Translational regulation allows cells to rapidly response to environmental changes and extracellular stimuli. In addition, proteins need to be expressed at the right place and right time, especially in polarized cells, such as neurons. With the ability to track movements and translation of individual mRNAs, one can elucidate spatiotemporal translation mechanisms in live cells. Observation of translation in neurons made by Singer’s group and Zhuang’s group reveals interesting unexpected phenomena [4, 5]. The fraction of translating ribosomes in primary neurons is 2–3 folds lower than the ones in U2OS cells, which indicates a more stringent regulation of translational initiation in neurons. In addition, the percentage of translating mRNAs decrease from ~40 % in proximal dendrites (<30 μm from soma) to ~10% in distal dendrites (>100 μm from soma), which clearly demonstrates strong spatial modulation in translational regulation. It has been proposed that mRNAs are packed into granules and transported to distal dendrites. Translation of mRNAs is speculated to be repressed during such active transportation [9]. However, both groups captured that mRNAs undergoing active translation were transported along dendrites and sampled several anchoring sites during movements. Molecular mechanisms and cellular functions of such unexpected phenomenon remain to be determined. “This single molecule methodology provides a powerful tool to determine the mechanism of local translation of mRNA and particularly its relationship to local neuronal activity”, stated by Wu et al [5].

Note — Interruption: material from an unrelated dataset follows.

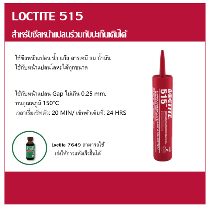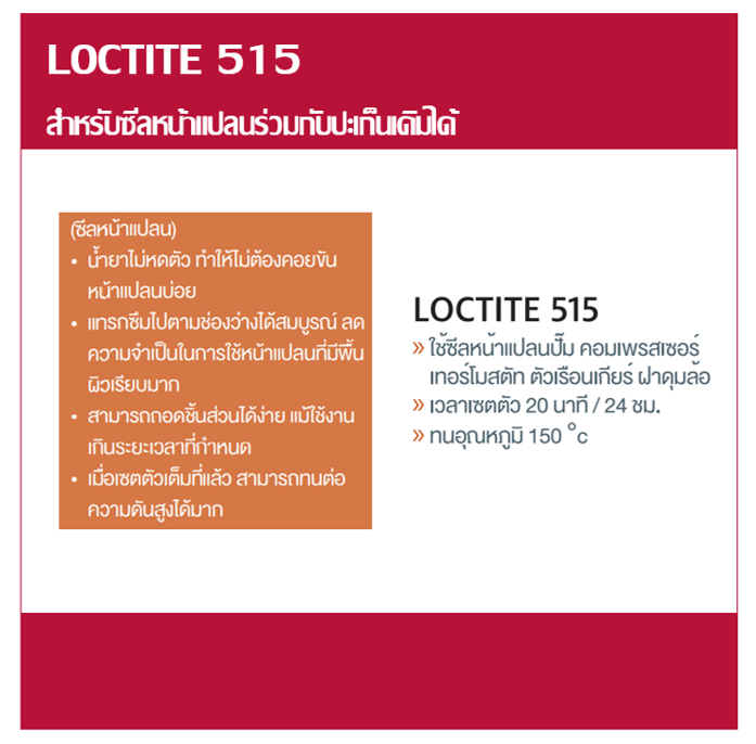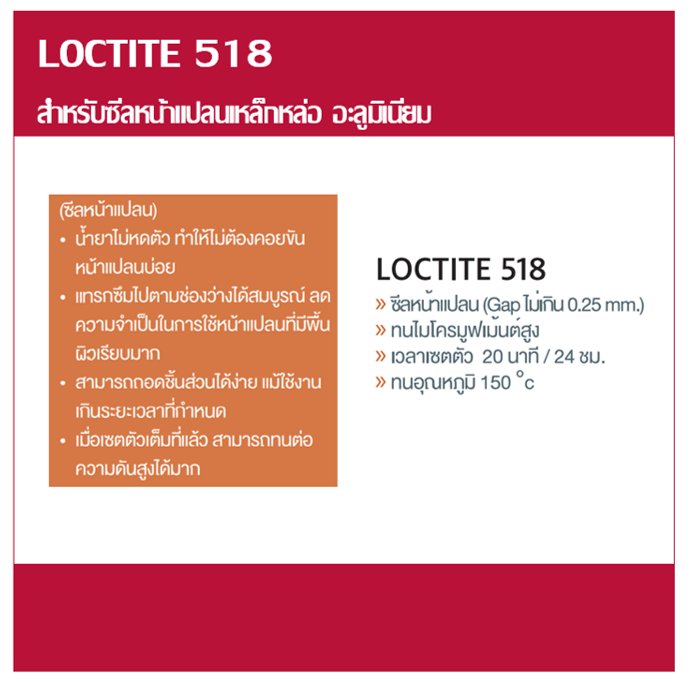ปะเก็นเหลวล็อคไทท์จะทำให้เกิดการเติมเต็มช่องว่างระหว่างหน้าแปลนโลหะ และแทรกซึมไปยังช่องว่าง ร่อง ริ้ว รอยเล็กๆของหน้าแปลนได้ ทำให้เครื่องจักรสามารถใช้งานได้ยาวนานขึ้น ป้องกันการรั่วซึมระหว่างใช้งาน ป้องกันการเกิดสนิมที่ผิวหน้าแปลน ไม่กัดหรือทำลายพื้นผิว

Tracking single molecule fluorescence events in live cells is quite challenging. Two major issues are to maintain high signal-to-noise ratio during long observation time (several hours) and to have no more than one event within typical optical diffraction limit (around 200 nm × 200 nm × 1000 nm volume). Several tricks have been used in the proof-of-principle studies to address these issues, including adding extra tag to facilitate fast degradation of the translated free proteins and focusing on mRNAs under high level of translation, whose fluorescence intensities are significantly higher than individual translated proteins. 10–24 copies of epitope sequences and hairpins are introduced into the target mRNA sequence to amplify the fluorescence signal, which could cause perturbation. Further optimizations need to be made to extend this novel techniques to more general conditions. Together, four groups used three different epitopes and two different mRNA hairpins to specifically label nascent peptides and mRNAs, respectively. We expect to have more orthogonal labeling sites and methods been developed in the future. However, it is extremely challenging to perform four-color live imaging due to spectrum overlap, which limits the observation of complex dynamic systems. Engineering a user-friendly high-throughput single molecule spectrally resolved microscope [10] to break this limit will further accelerate the revolution of cell biology research led by single molecule imaging techniques.